**DATA BELOW**
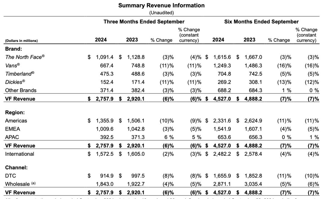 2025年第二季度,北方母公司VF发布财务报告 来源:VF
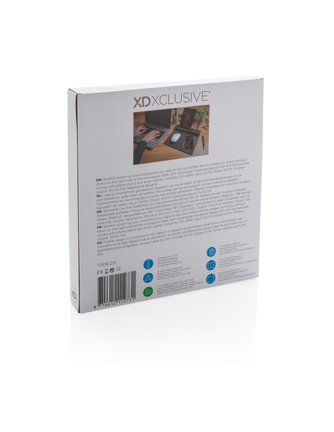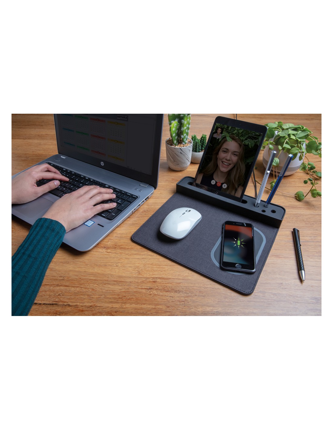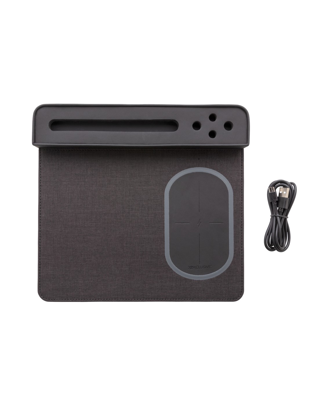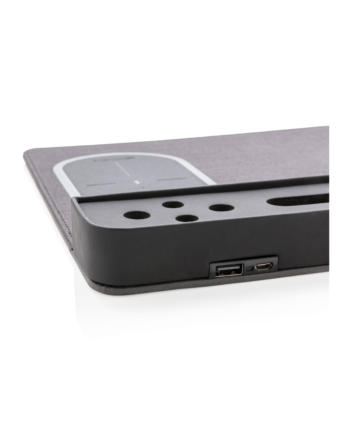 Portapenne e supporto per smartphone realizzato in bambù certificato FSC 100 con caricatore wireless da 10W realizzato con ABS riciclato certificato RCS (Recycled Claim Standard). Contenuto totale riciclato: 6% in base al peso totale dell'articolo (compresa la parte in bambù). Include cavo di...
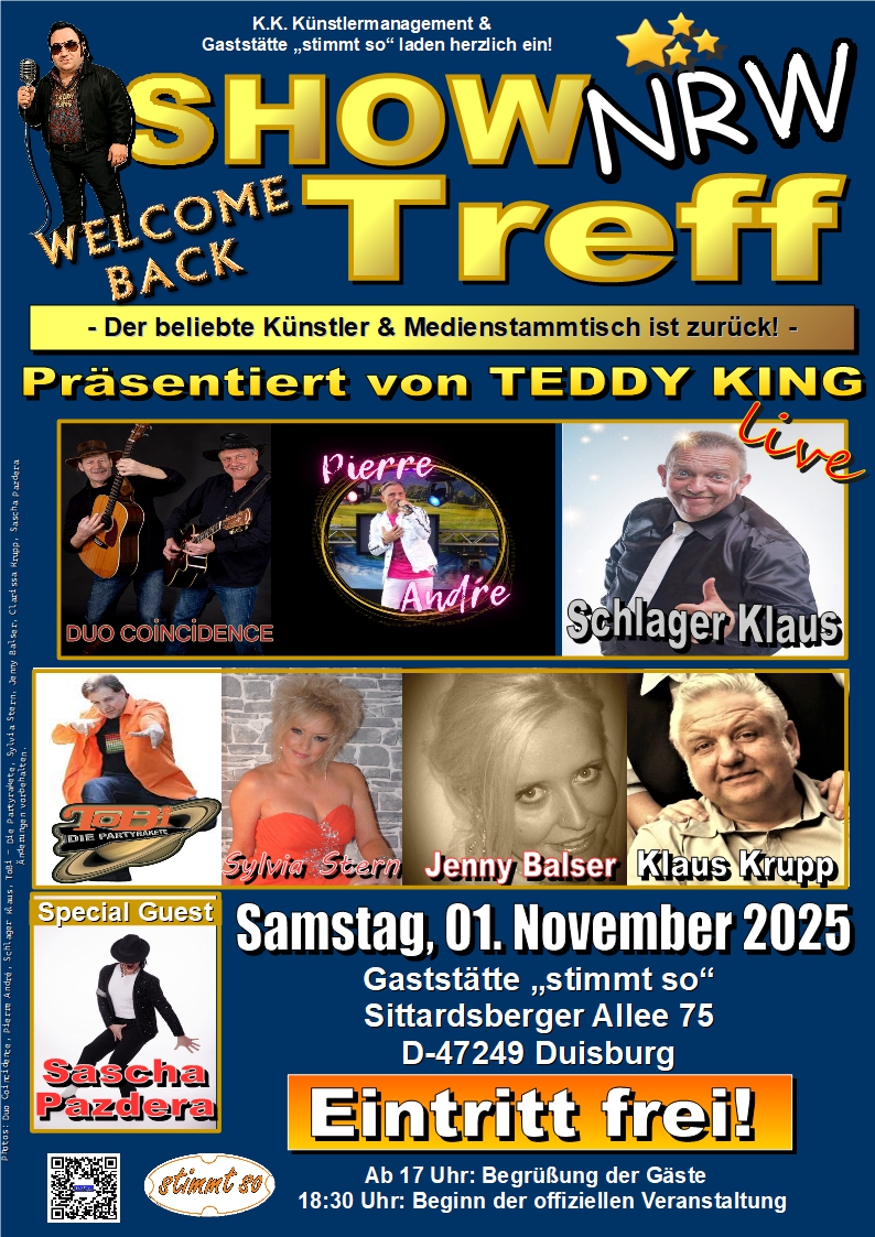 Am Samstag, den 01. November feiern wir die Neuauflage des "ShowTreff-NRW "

**EXERCISE DESCRIPTION**
Set the lines above down again, word for word, from the first through the one containing "Portapenne e supporto"; pictures excluded.

**WRITTEN RESPONSE**
 2025年第二季度,北方母公司VF发布财务报告 来源:VF
 Portapenne e supporto per smartphone realizzato in bambù certificato FSC 100 con caricatore wireless da 10W realizzato con ABS riciclato certificato RCS (Recycled Claim Standard). Contenuto totale riciclato: 6% in base al peso totale dell'articolo (compresa la parte in bambù). Include cavo di...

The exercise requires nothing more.